[EXERCISE BRIEF] Every line from the one containing "- 500 g pioppini, 150" to the end of the data below should be copied exactly, but pictures should not.

[INFORMATION PROVIDED]
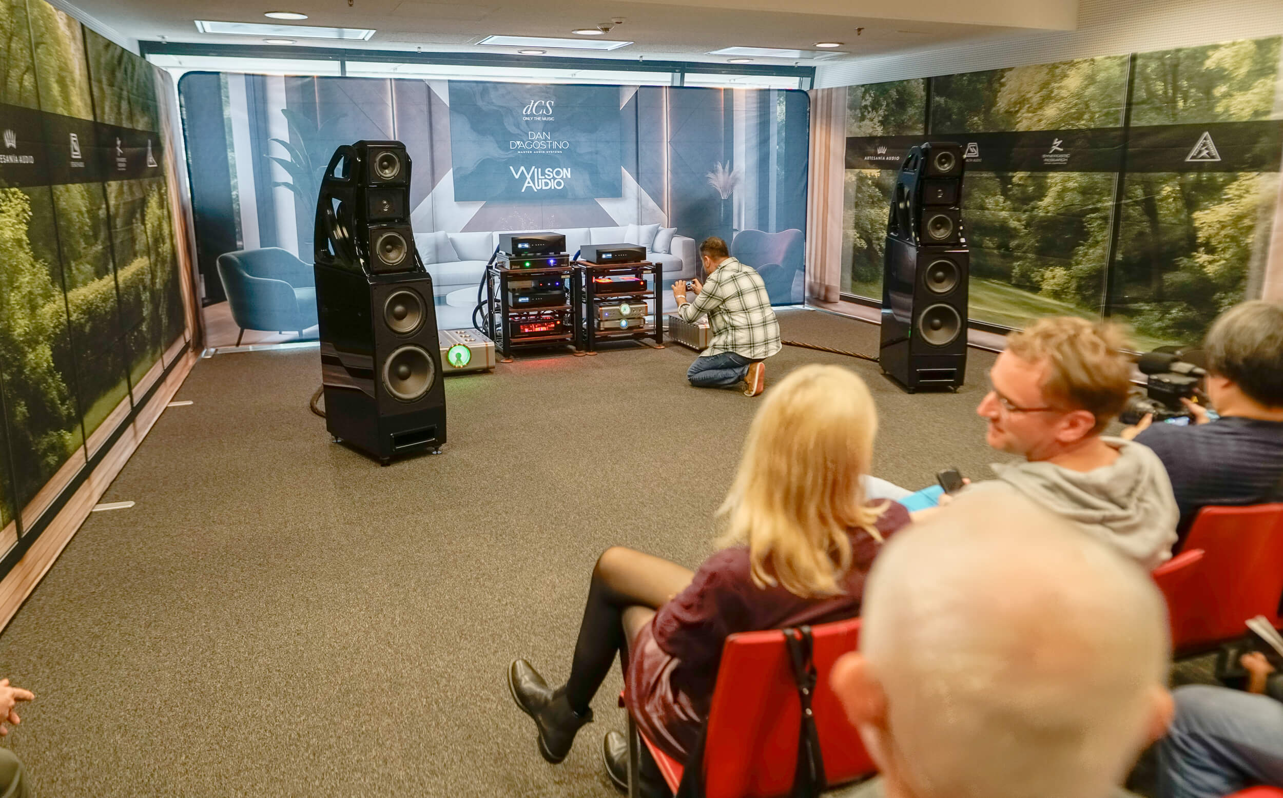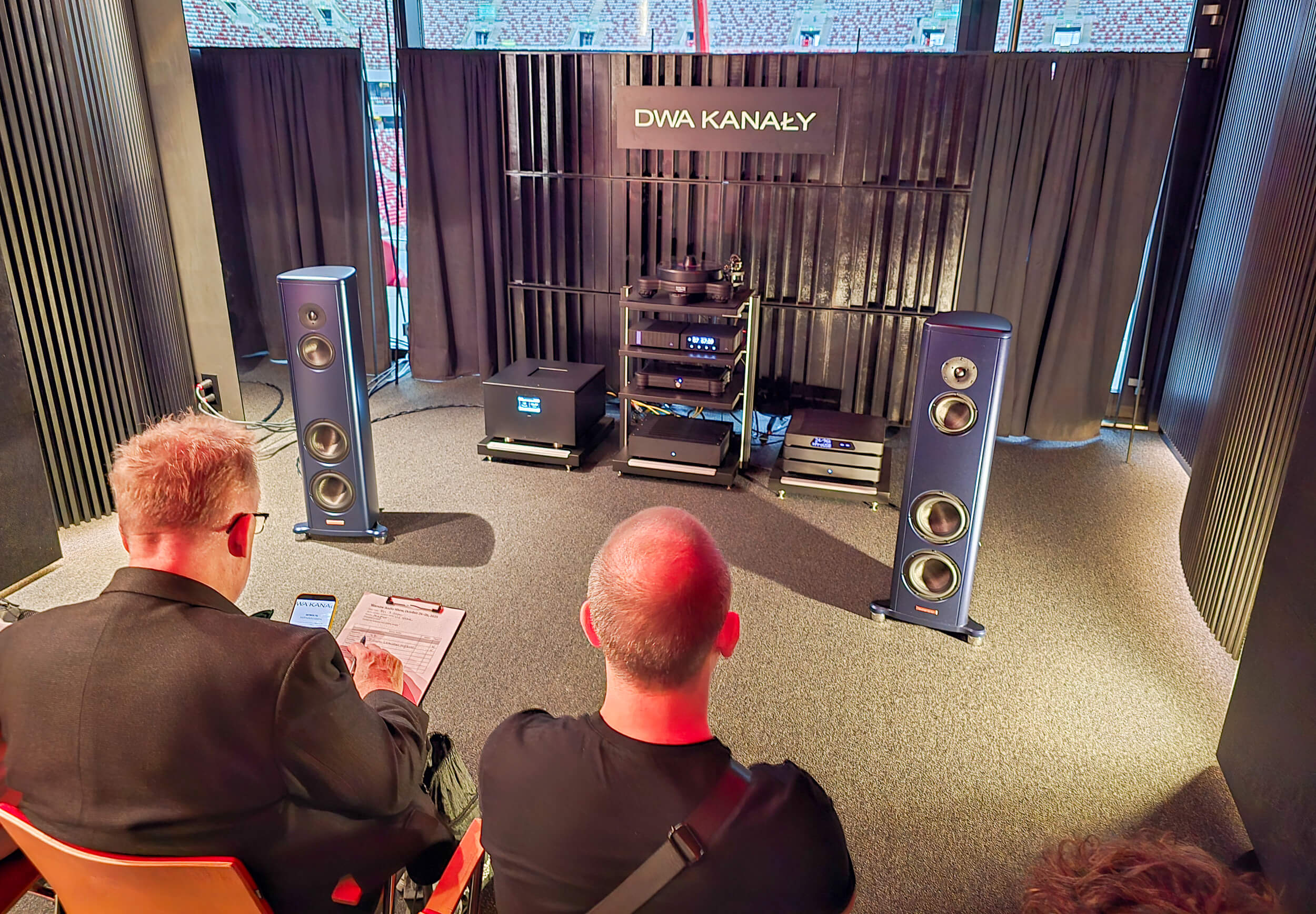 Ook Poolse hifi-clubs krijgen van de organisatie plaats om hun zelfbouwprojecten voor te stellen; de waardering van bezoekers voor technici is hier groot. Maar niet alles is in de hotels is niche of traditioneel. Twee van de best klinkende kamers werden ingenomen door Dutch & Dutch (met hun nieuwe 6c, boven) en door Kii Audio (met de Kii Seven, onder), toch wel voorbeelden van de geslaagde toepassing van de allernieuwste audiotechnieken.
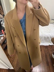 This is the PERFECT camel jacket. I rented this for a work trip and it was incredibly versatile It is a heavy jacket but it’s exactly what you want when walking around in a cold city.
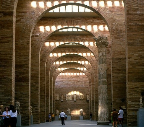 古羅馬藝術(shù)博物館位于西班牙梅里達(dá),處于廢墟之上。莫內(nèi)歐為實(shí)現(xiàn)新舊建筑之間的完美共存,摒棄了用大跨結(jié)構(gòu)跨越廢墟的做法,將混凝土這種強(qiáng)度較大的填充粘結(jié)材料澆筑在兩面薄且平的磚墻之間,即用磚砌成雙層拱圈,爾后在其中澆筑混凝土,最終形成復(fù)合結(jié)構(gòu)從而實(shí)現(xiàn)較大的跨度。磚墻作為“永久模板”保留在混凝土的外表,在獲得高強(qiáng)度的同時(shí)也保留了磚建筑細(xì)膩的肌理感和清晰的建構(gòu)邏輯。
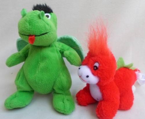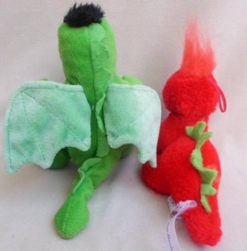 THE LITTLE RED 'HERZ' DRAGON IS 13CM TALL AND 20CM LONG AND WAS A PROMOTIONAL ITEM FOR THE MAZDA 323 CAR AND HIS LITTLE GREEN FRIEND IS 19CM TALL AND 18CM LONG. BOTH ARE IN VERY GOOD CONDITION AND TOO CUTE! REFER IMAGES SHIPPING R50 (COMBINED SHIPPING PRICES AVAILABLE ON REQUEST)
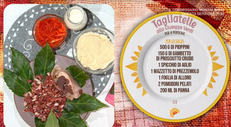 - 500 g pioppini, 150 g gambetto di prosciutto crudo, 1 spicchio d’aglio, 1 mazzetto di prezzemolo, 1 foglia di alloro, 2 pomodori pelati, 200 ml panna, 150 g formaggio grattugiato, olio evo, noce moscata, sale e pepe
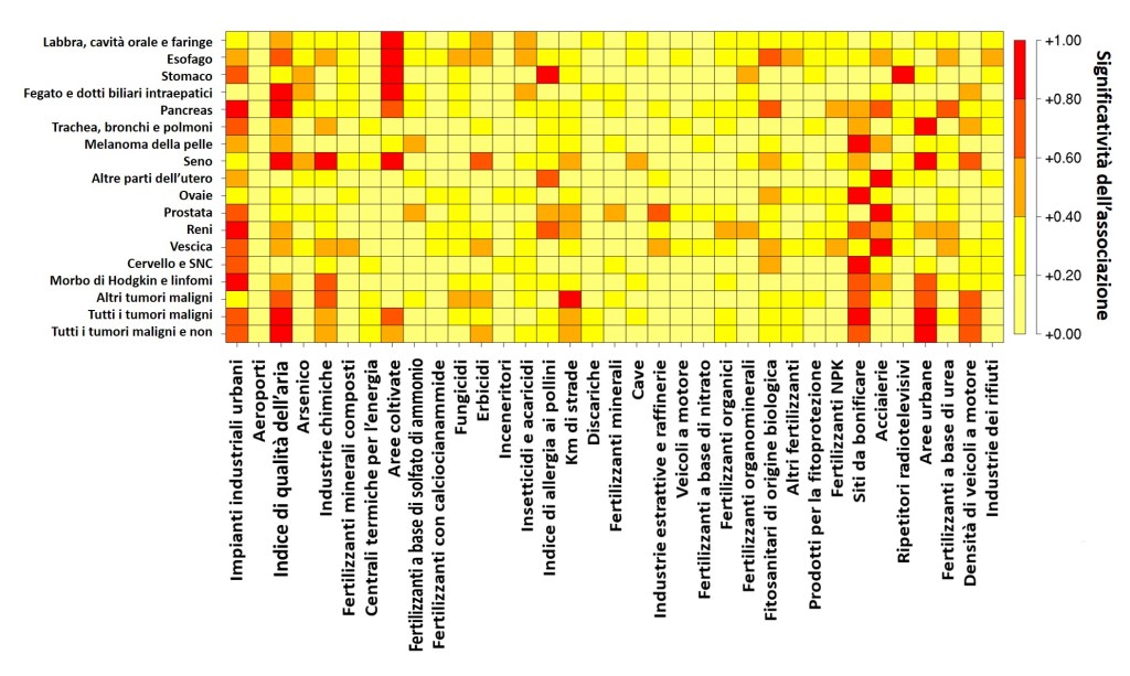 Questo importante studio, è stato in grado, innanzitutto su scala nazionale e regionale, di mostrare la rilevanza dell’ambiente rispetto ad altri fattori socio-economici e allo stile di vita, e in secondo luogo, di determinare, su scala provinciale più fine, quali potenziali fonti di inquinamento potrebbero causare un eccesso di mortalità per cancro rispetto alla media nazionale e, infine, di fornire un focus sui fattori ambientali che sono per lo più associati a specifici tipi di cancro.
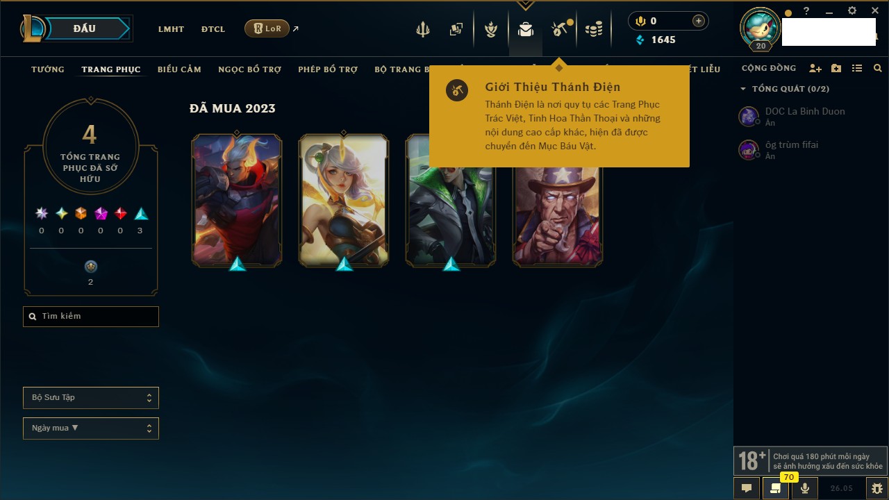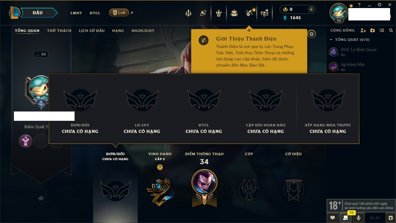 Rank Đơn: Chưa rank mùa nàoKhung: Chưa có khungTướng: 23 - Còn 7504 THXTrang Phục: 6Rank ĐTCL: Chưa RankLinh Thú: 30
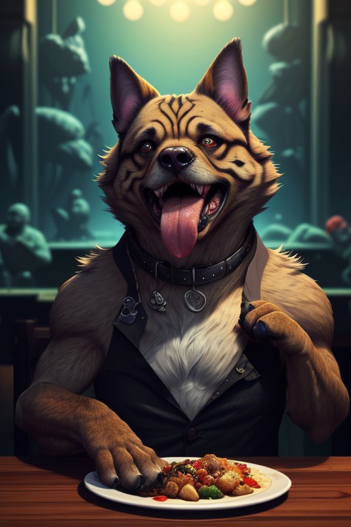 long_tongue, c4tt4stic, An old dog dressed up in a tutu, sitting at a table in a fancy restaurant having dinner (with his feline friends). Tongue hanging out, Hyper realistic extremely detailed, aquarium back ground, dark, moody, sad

[TASK RESULT]
 - 500 g pioppini, 150 g gambetto di prosciutto crudo, 1 spicchio d’aglio, 1 mazzetto di prezzemolo, 1 foglia di alloro, 2 pomodori pelati, 200 ml panna, 150 g formaggio grattugiato, olio evo, noce moscata, sale e pepe
 Questo importante studio, è stato in grado, innanzitutto su scala nazionale e regionale, di mostrare la rilevanza dell’ambiente rispetto ad altri fattori socio-economici e allo stile di vita, e in secondo luogo, di determinare, su scala provinciale più fine, quali potenziali fonti di inquinamento potrebbero causare un eccesso di mortalità per cancro rispetto alla media nazionale e, infine, di fornire un focus sui fattori ambientali che sono per lo più associati a specifici tipi di cancro.
 Rank Đơn: Chưa rank mùa nàoKhung: Chưa có khungTướng: 23 - Còn 7504 THXTrang Phục: 6Rank ĐTCL: Chưa RankLinh Thú: 30
 long_tongue, c4tt4stic, An old dog dressed up in a tutu, sitting at a table in a fancy restaurant having dinner (with his feline friends). Tongue hanging out, Hyper realistic extremely detailed, aquarium back ground, dark, moody, sad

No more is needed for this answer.